## About this task
The expected output is exactly the lines below, starting at the line with "- 簡単な収支の他、口座やクレカ管理など資産管理も簡単にできる" and ending at the line with "它的黑魔法在于: 它不需要你重新运行命令。哪怕你的 mv", both included; no other line belongs in it.

## Supplied data
^^^^^^^^^^^^^^^^
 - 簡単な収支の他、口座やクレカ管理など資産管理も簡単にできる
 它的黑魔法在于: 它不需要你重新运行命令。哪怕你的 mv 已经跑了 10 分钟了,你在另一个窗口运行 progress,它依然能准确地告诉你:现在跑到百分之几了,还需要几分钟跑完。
^^^^^^^^^^^^^^^^
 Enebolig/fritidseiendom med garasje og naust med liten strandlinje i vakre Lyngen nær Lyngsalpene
^^^^^^^^^^^^^^^^
## Output of the task
 - 簡単な収支の他、口座やクレカ管理など資産管理も簡単にできる
 它的黑魔法在于: 它不需要你重新运行命令。哪怕你的 mv 已经跑了 10 分钟了,你在另一个窗口运行 progress,它依然能准确地告诉你:现在跑到百分之几了,还需要几分钟跑完。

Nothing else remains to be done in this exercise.